*** PROVIDED MATERIAL Section Begins ***
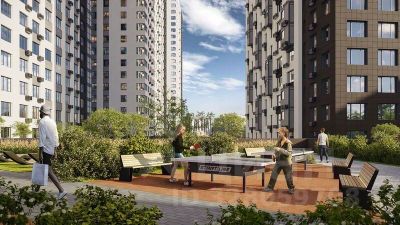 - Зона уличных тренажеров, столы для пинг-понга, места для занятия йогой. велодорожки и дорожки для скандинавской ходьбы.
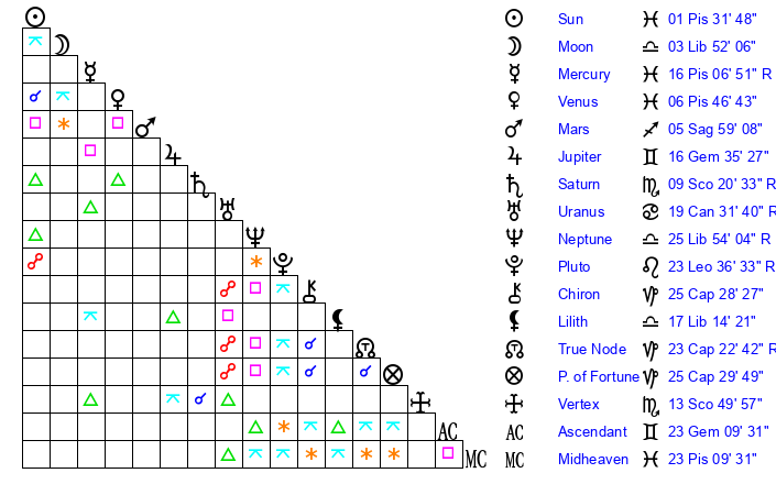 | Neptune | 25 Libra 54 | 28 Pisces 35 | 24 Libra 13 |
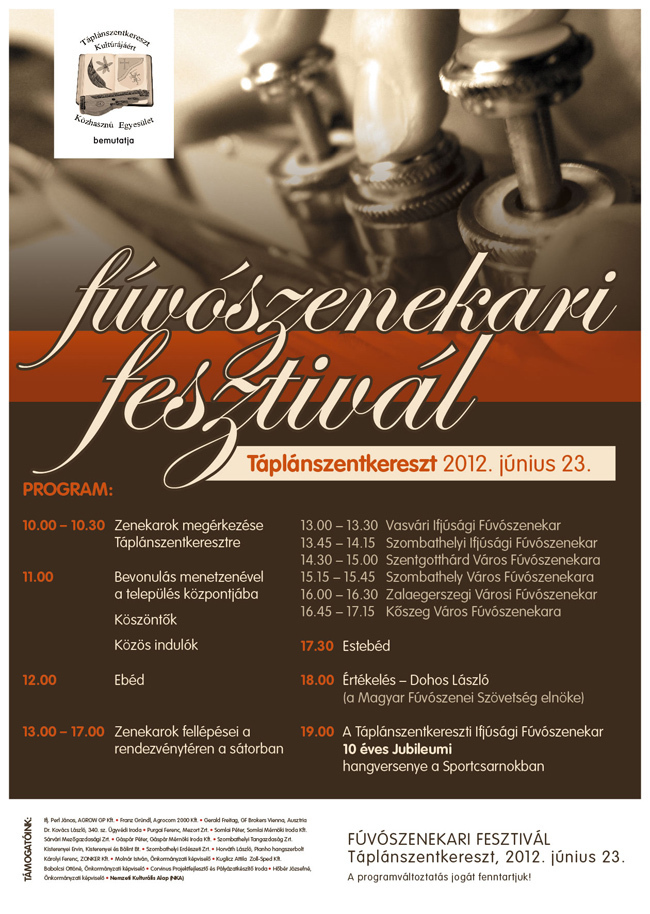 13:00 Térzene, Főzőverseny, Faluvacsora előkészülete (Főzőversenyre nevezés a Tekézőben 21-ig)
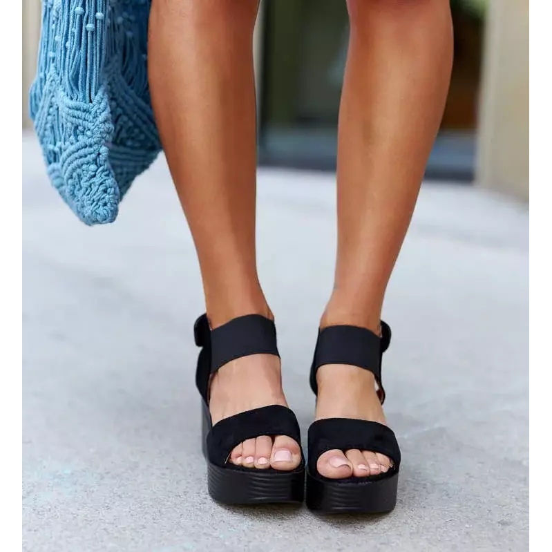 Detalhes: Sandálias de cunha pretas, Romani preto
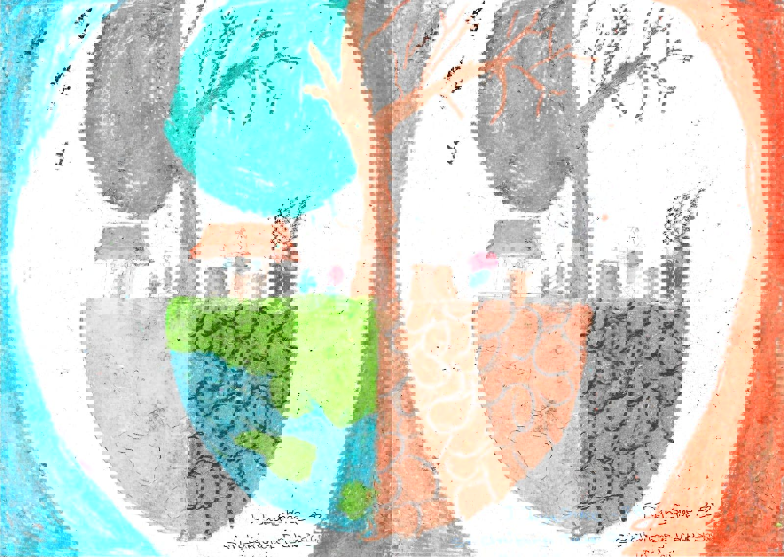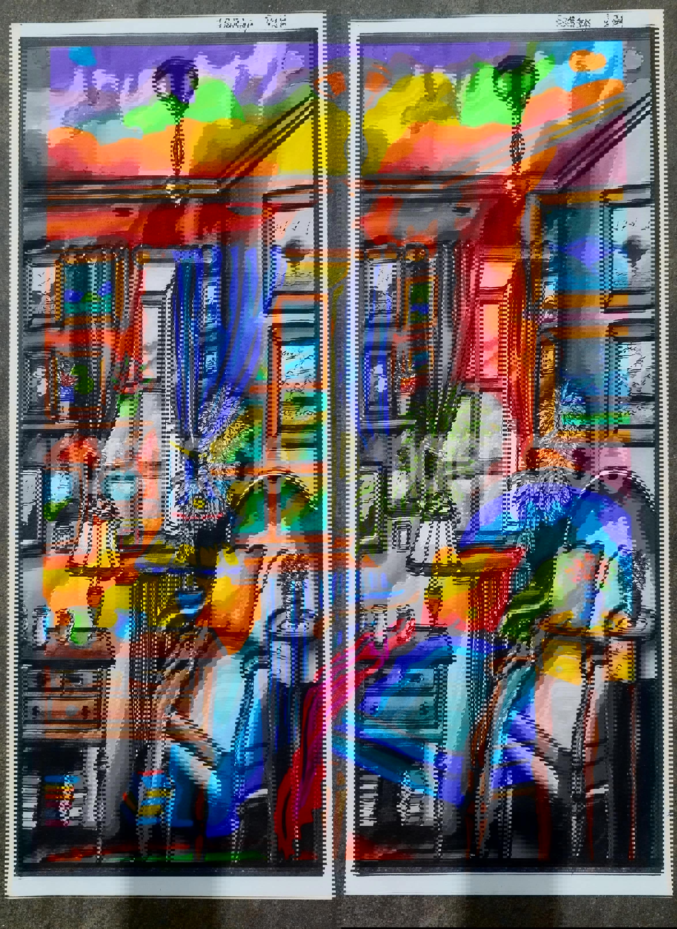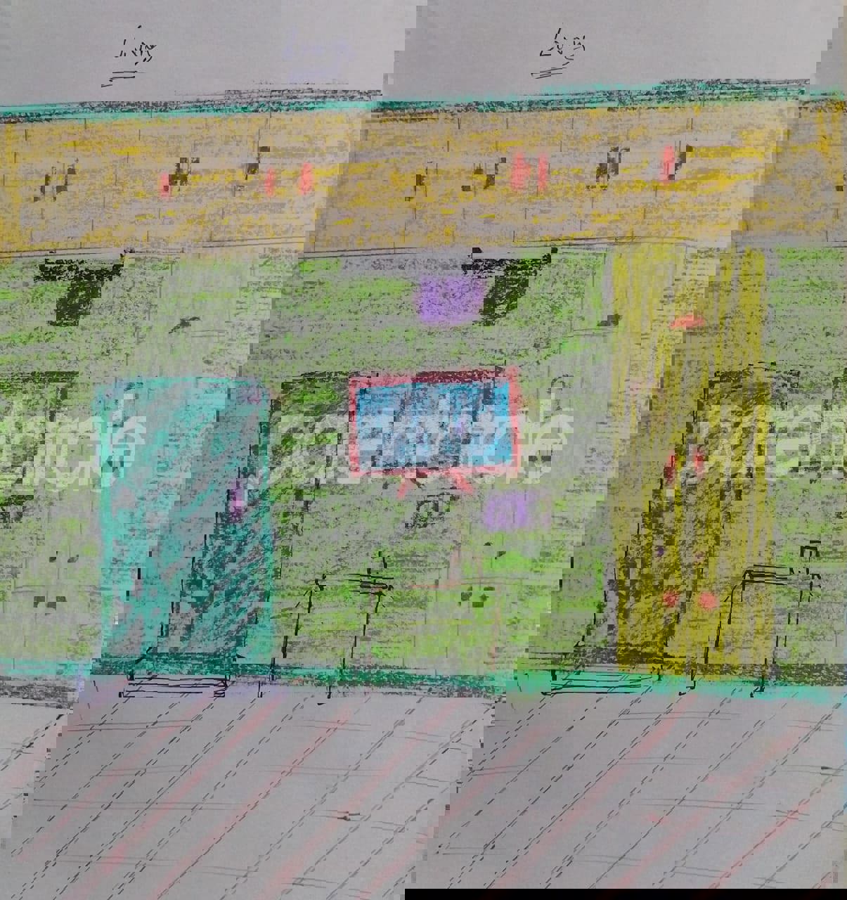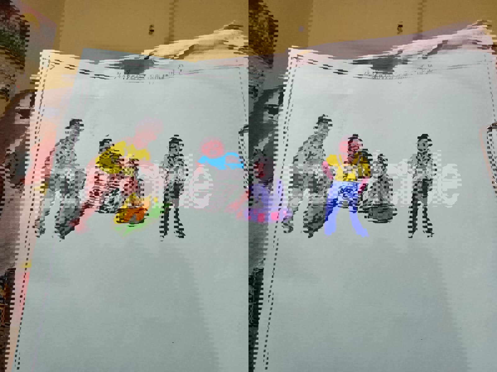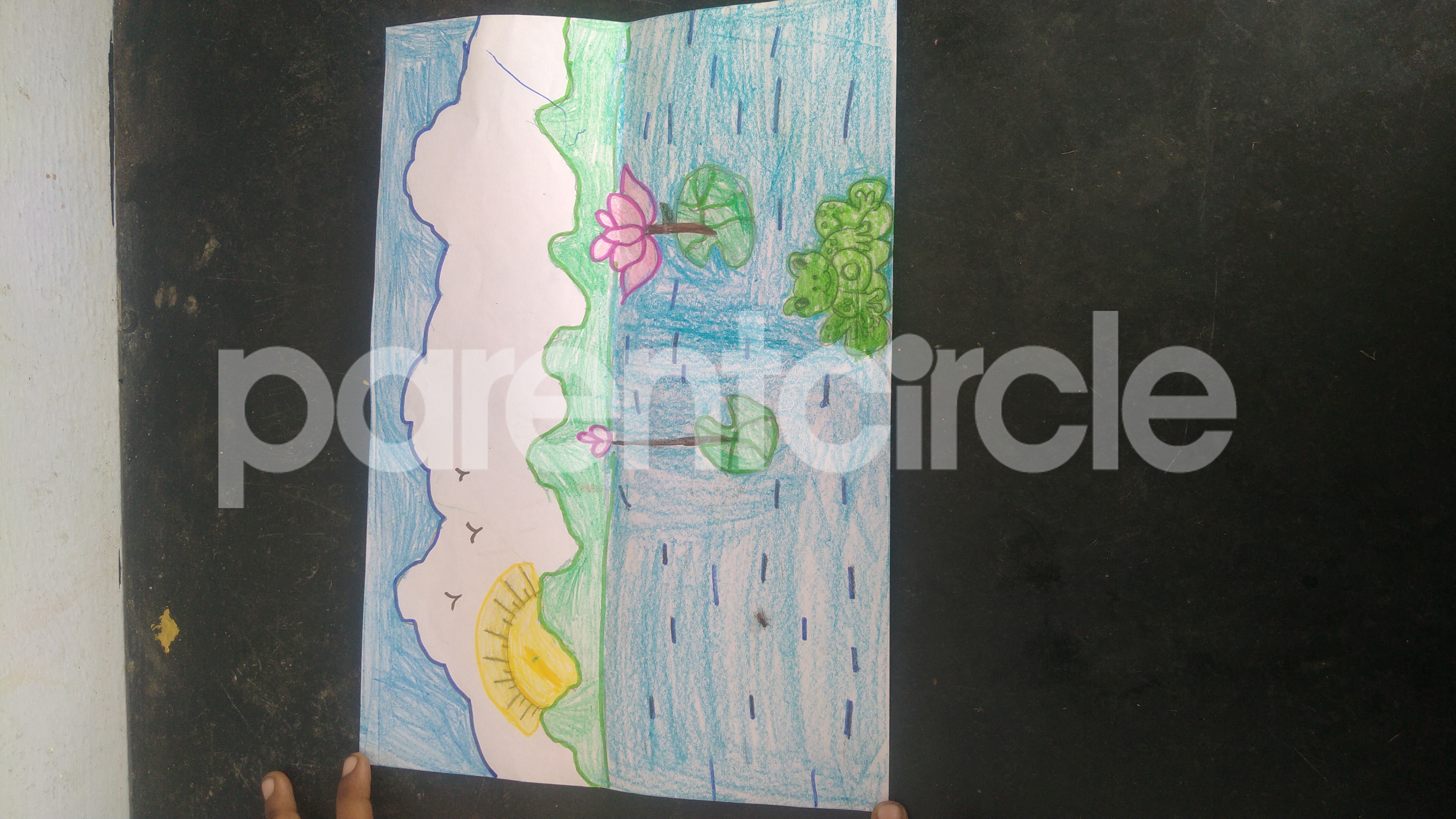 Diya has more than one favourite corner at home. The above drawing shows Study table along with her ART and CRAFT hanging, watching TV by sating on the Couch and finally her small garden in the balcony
*** PROVIDED MATERIAL Section Ends ***
# WORK ORDER
Your answer must be the lines from the one containing "24 Libra 13 |" through the last line of the records, printed exactly with no pictures; please include both ends.

# RESULT
 | Neptune | 25 Libra 54 | 28 Pisces 35 | 24 Libra 13 |
 13:00 Térzene, Főzőverseny, Faluvacsora előkészülete (Főzőversenyre nevezés a Tekézőben 21-ig)
 Detalhes: Sandálias de cunha pretas, Romani preto
 Diya has more than one favourite corner at home. The above drawing shows Study table along with her ART and CRAFT hanging, watching TV by sating on the Couch and finally her small garden in the balcony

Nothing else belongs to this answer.